Un groupe à découvrir et à suivre… tant d’énergie ne peuvent donner quelque de fondamentalement mauvais.

 

Quidam, Laiterie, le club, 17 septembre 2006

20/09/2006

Un monde parfait

Rien n’est innocent.

Même si tout s’explique il est bien des fois ou je ne veux pas savoir le pourquoi du comment.

The subways cartonne, parce que Rock n’rool queen, parce que Oh yeah, parce qu’ils sont jeunes, beau et musiciens, parce qu’ils donnent de bien sympathiques concerts, enjoués, sans retenus – physique et vocale ? Sûrement un peu de tout et aussi parce qu’ils ne revendiquent rien, ne sont ni pour ni contre, bien au contraire, mais vivent et chantent leurs histoires quotidiennes.

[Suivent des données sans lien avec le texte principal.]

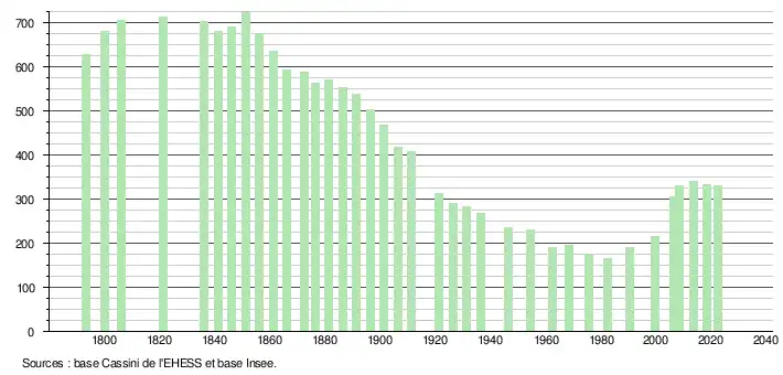 L'évolution du nombre d'habitants est connue à travers les recensements de la population effectués dans la commune depuis 1793. Pour les communes de moins de 10 000 habitants, une enquête de recensement portant sur toute la population est réalisée tous les cinq ans, les populations de référence des années intermédiaires étant quant à elles estimées par interpolation ou extrapolation[19]. Pour la commune, le premier recensement exhaustif entrant dans le cadre du nouveau dispositif a été réalisé en 2008[20].
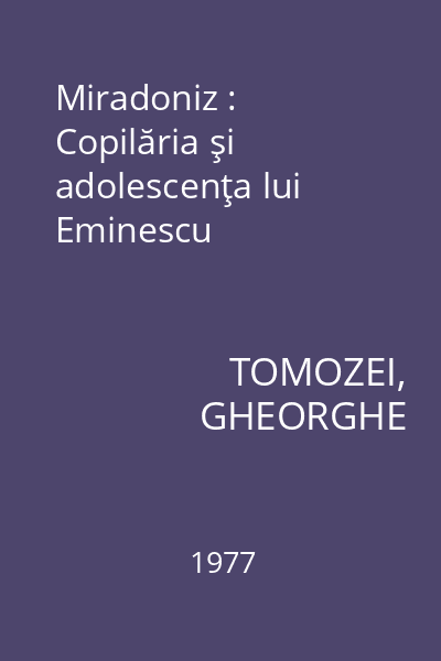 | Titlu | Miradoniz : Copilăria şi adolescenţa lui Eminescu |

Leur public leur ressemblance, ou est-ce le contraire ? C’est jeune, frais, dynamique, …ça fait plaisir à voir et à entendre.

Il n’y a pas d’acte gratuit, disent certains philosophes, j’en suis certain, mais arrêtons de tout modéliser. Sachons, nous aussi avoir 17 ans dans nos têtes et appliquer le carpe diem plutôt que de le fantasmer.

 

The subways, Laiterie, le club, 17 septembre 2006.